Closing for now, feel free to reopen if issue is reproduced
(In reply to Martin Perina from comment #10) > Closing for now, feel free to reopen if issue is reproduced The issue is currently reproducing. The following things have changed since the bug was opened. - engine/vdsm upstream version - # of hosts/vms - engine location (same hw specs, different physical host) Spoke with mperina directly, in order to provide direct access to the enviroment.
(In reply to mlehrer from comment #11) > (In reply to Martin Perina from comment #10) > > Closing for now, feel free to reopen if issue is reproduced > > The issue is currently reproducing. > The following things have changed since the bug was opened. > - engine/vdsm upstream version version? > - # of hosts/vms data? > - engine location (same hw specs, different physical host) > > Spoke with mperina directly, in order to provide direct access to the > enviroment. Logs?
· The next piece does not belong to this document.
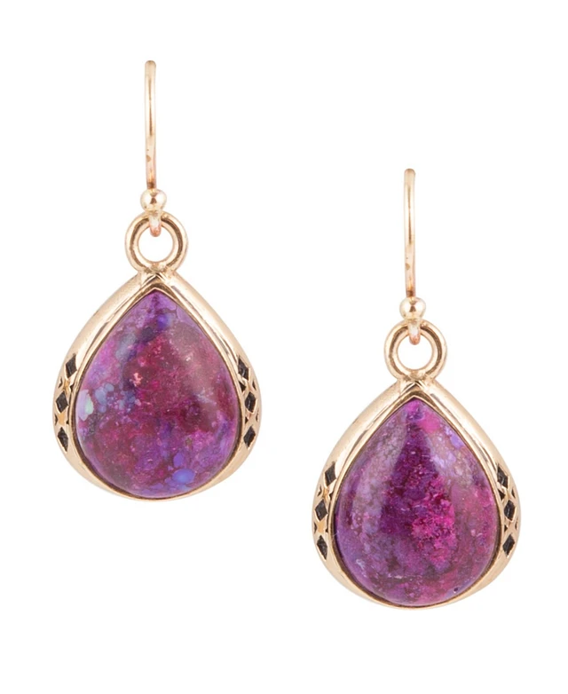 Barse Women's Havana Bronze and Purple Turquoise Drop Earrings

Created attachment 1367987 [details] engine log and log from vdsm that holds vms of nested hosts
(In reply to Yaniv Kaul from comment #12) > (In reply to mlehrer from comment #11) > > (In reply to Martin Perina from comment #10) > > > Closing for now, feel free to reopen if issue is reproduced > > > > The issue is currently reproducing. > > The following things have changed since the bug was opened. > > - engine/vdsm upstream version > > version? ovirt-engine-4.2.1-0.0.master.20171206161426.git88e9120.el7.centos.noarch > > > - # of hosts/vms > > data? > 3 DC 3 Clusters 406 Hosts Hera : 4 Hosts leopard : 2 Hosts Nested hosts : 400 VMS 3 SD 1200 VMS Hera : 685 VMS leopard : 515 VM > > - engine location (same hw specs, different physical host) > > > > Spoke with mperina directly, in order to provide direct access to the > > enviroment. > > Logs? attached
Here are a list of things from my analysis 1. The thread dump looks normal 118 threads TIMED_WAITING 110 threads WAITING 34 threads RUNNABLE 2. The server and engine logs list only one error No managed connections available within configured blocking timeout (30000 [ms]) 3. I checked the pool statistics in jmx. The max connection count is 109 before the errors. But if everything is normal we should be able to handle it. 4. The problem could be in what is actually being executed on the database. On postgres there were 112 queries. 10 of which were VACUUM statments on ovirt_engine_history database. I stopped both ovirt-engine and ovirt-engine-dwhd and did a full vacuum of the engine and ovirt_engine_history databases. I have restarted engine and I see everything is running normally. I have not started ovirt-engine-dwhd yet. Lets see if this fixes the issue.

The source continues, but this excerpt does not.